Wind, rain batter Southeast Alaska as Craig officials warn against travel on landslide-prone road

Shelters near Ward Lake — seen here around noon Sunday — were flooded over the weekend. The area frequently floods. (Photo courtesy of Barbara Morgan)

Southeast Alaska is taking a beating from a series of storms bringing high winds and heavy rain. Ketchikan was soaked with about 9.5 inches of rain over the Thanksgiving weekend, according to federal meteorologists. The downpour inundated low-lying areas around nearby Ward Lake, and 50 mph gusts knocked out power north of town early Tuesday morning.

National Weather Service meteorologist Caleb Cravens says it’s all part of a series of storms fueled by moisture from the Gulf of Alaska.

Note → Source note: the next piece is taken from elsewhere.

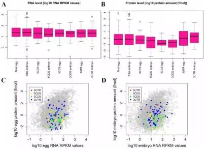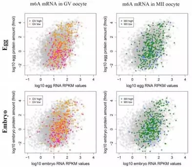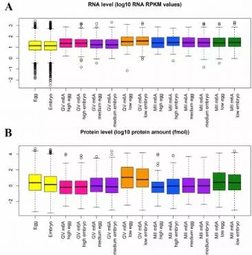 為了探索mRNAs甲基化是否與翻譯有關,作者把mRNA甲基化數據與Smits等人已發表的轉錄組和蛋白組數據進行了整合。通過BLAST分析,在RNA/蛋白數據中找到了723個m6A修飾mRNAs的信息。GV期或者MII期卵母細胞中高m6A峰的RNA水平(log10 RNA RPKM值)比總RNA高(在卵或者胚胎中),但是蛋白水平(log10 protein amount / fmol)比總蛋白水平低(Figure 2)。與高度甲基化的mRNAs相比,低甲基化RNAs顯示出非常高的表達水平(Figure 3)。這些結果說明在卵母細胞或早期胚胎中,m6A修飾可能與mRNA翻譯有關。

“It’s not unusual, actually. This type of setup with these atmospheric rivers impact the panhandle quite often. But … what makes this one stand out is the rainfall rates that we are getting,” Cravens told KRBD.

He says as of Tuesday afternoon, Ketchikan’s airport had received a fraction of an inch in the past 12 hours. But a weather station north of town at Shelter Cove, had recorded 2.96 inches in that same time.

While parts of the northern panhandle are expecting as much as 10 inches this week, the southern half, including Ketchikan, is expected to escape the heaviest rainfall. It’s capping off a wetter-than-usual November for Ketchikan.

Crews work to clear a landslide on Port St. Nicholas Road on Oct. 26. (Photo: City of Craig)

“At the airport, we had 30.05 inches of precipitation for the entire month, and the normal value for the month is 16.63 inches, so definitely well above normal,” Cravens said.

It’s not near a record for Ketchikan, though. One November saw more than 53 inches. But that was more than a century ago, in 1917.

Heavy rain, high winds and saturated soil bring the potential for landslides, and that’s a particular concern for city officials in the Prince of Wales Island community of Craig. Port St. Nicholas Road has seen at least four slides since late October, including one on Nov. 28 that was cleared the following day.

Craig City Planner Brian Templin says officials are concerned about the potential for more.

“So we are asking folks who live out there that have to travel out along the Port St. Nicholas Road between now and Sunday to use extreme caution — to avoid travel when they can and to be very cautious if there are any slides or any public works crews out there working,” Templin said via phone.

The travel advisory expires Monday Dec. 7. Templin says residents should report slides, blocked storm drains and other flooding to Craig Public Works.